As part of a settlement with FINRA, ACS Execution Services LLC agreed to pay a $250,000 penalty.

FINRA fines ACS for alleged breach of SHO regulations

As part of a settlement with the Financial Industry Regulatory Authority (FINRA), ACS Execution Services LLC agreed to pay a fine of $250,000.

ACS provides execution services to broker-dealers and executes orders as agent, net trader, or riskless principal based on received instructions. When the company receives short sale orders from customers on a net basis, it executes short sale orders (or multiple orders) for the same security on exchanges or other execution venues and then buys the security as principal at different prices to meet the order's requirements.

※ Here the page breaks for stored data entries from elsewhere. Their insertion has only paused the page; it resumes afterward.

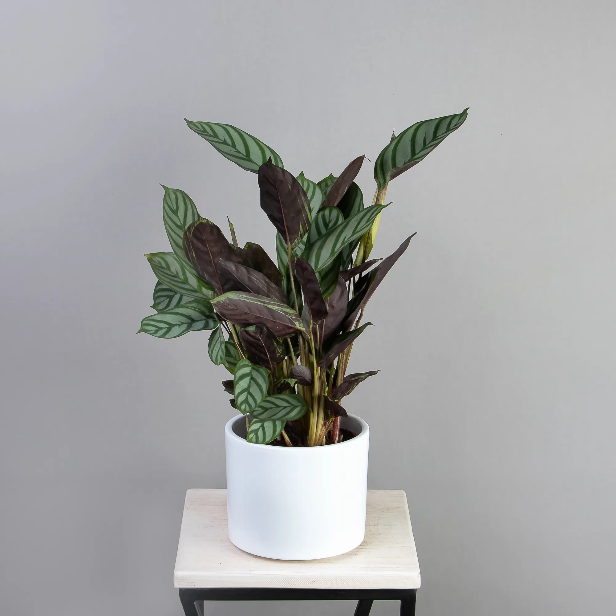 Как правило, растения доставляются в техническом пластиковом горшке от поставщика. Если в наименовании указано «в керамике/цинке», то в эту стоимость входит декоративное кашпо.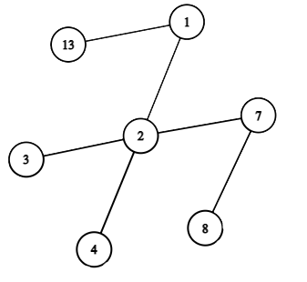 В третьем наборе входных данных дано дерево из трёх вершин. В результате применения первой операции в нём остаётся всего \(1\) вершина (с номером \(2\)), в результате второй операции дерево становится пустым.
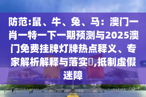 關于防范鼠、牛、兔、馬生肖預測與澳門免費掛牌燈牌熱點的問題,我們需要從全面釋義、專家解讀與落實以及警惕虛假宣傳三個方面進行深入解析,以下是對此現象的詳細分析。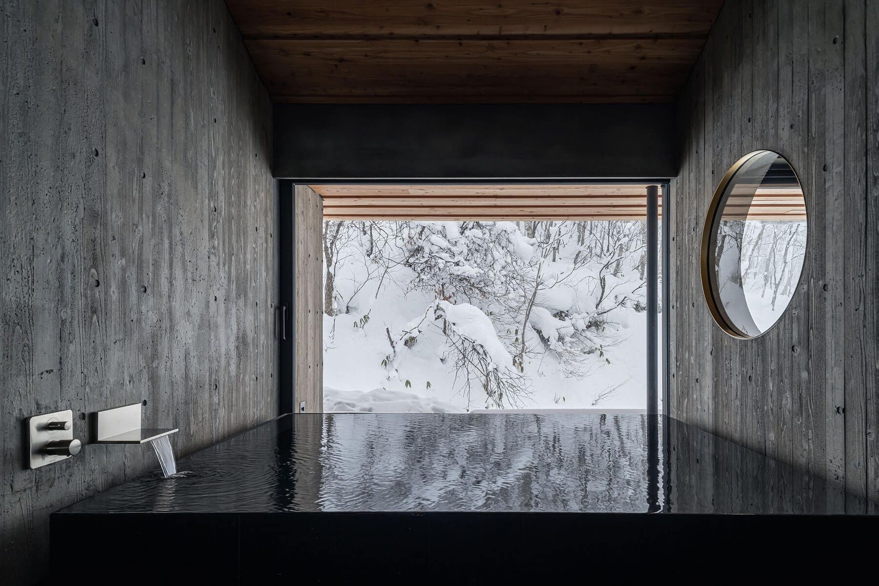 The main part of the residence consists of a three-story building. The ground floor includes a stylish sauna, toilet, changing room with laundry area, and a private garage. The first floor offers four bedrooms, including two master suites with en-suite bathrooms, as well as a social lounge area. On the top level, an airy living room seamlessly connects to a designer kitchen and dining area with floor-to-ceiling glazing. From the balcony, there is a panoramic view of the snow-covered landscape and the village of Hirafu, whose lights create a charming and warm evening atmosphere. Complementing the main residence is a separate wellness building. The ground floor comprises a cozy lounge with a double-sided fireplace, a tatami-style yoga room, men’s and women’s gyms, and a Japanese ofuro bath that embodies a deep, meditative spirit. The basement features a kitchenette, cinema room, a dedicated weightlifting gym, and ample storage space.
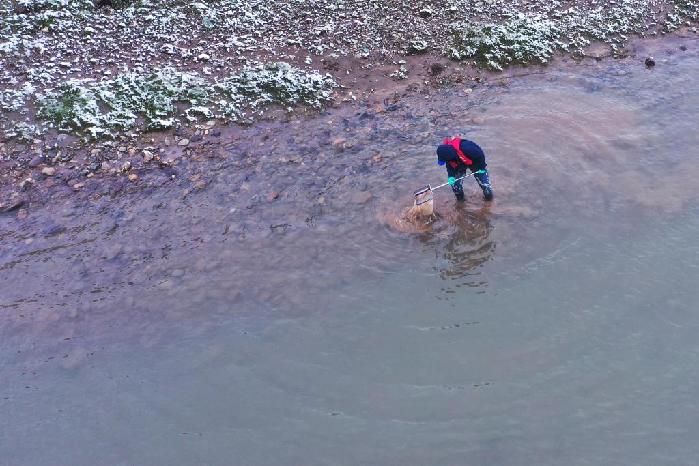 由水利部長江水利委員會長江科學(xué)院牽頭組織的2023年江源綜合科學(xué)考察正在長江源進(jìn)行,其中魚耳石是新增研究內(nèi)容。為了采集耳石,來自長江科學(xué)院水環(huán)境所的科考隊(duì)員劉晗頂著大風(fēng)和雨雪,穿著下水褲和隊(duì)友在長江源區(qū)多條河流中采集魚類樣本,經(jīng)常在冰冷的河水中守候十多分鐘。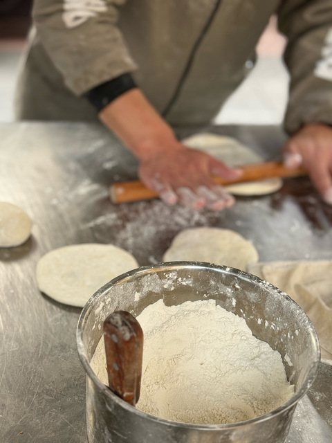 被朋友安利了北环的公安锅盔,专门来买两个小伙子在卖,据说是专门去当地学的有芽菜,鲜肉几种味道现点现擀,师傅的动作很快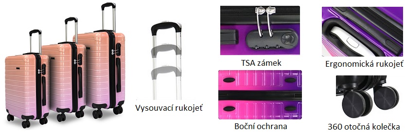 | Jaký je materiál kufrů? | Kufry jsou vyrobeny z odolného ABS plastu, který je lehký a nárazuvzdorný. |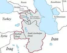 Le terme de « Grand Azerbaïdjan » est toujours utilisé dans le cadre d'initiatives politiques telles que le SANLM (CAMAH) et le Parti du front populaire pour le Grand Azerbaïdjan (en)[5]. Bien que les frontières du Grand Azerbaïdjan ne soient pas strictement définies, la plupart des sources citent les territoires suivants[6] :

In trading this way, two short sales occur: ACS accepts the short sale order from its broker-dealer customer and executes a short sale order for its own account.

From June 2017 to the present, ACS mistakenly believed that it could rely on its broker-dealer customers' positions to facilitate net trades when executing short sales for its own account. Therefore, ACS conducted at least 10 million short sales for its own account to facilitate net short sale orders without borrowing the securities, making a good faith arrangement to borrow the securities, or having a reasonable belief that the securities could be borrowed for delivery on the due date.

As a result, the defendant violated Section 203(b)(1) of Regulation SHO and FINRA Rule 2010.

During the same period, ACS also violated FINRA Rules 3110 and 2010 by failing to establish and maintain a supervisory system, including written supervisory procedures (WSPs), reasonably designed to achieve compliance with the locate requirements of Rule 203.

In addition to the fine, the company also agreed to a censure.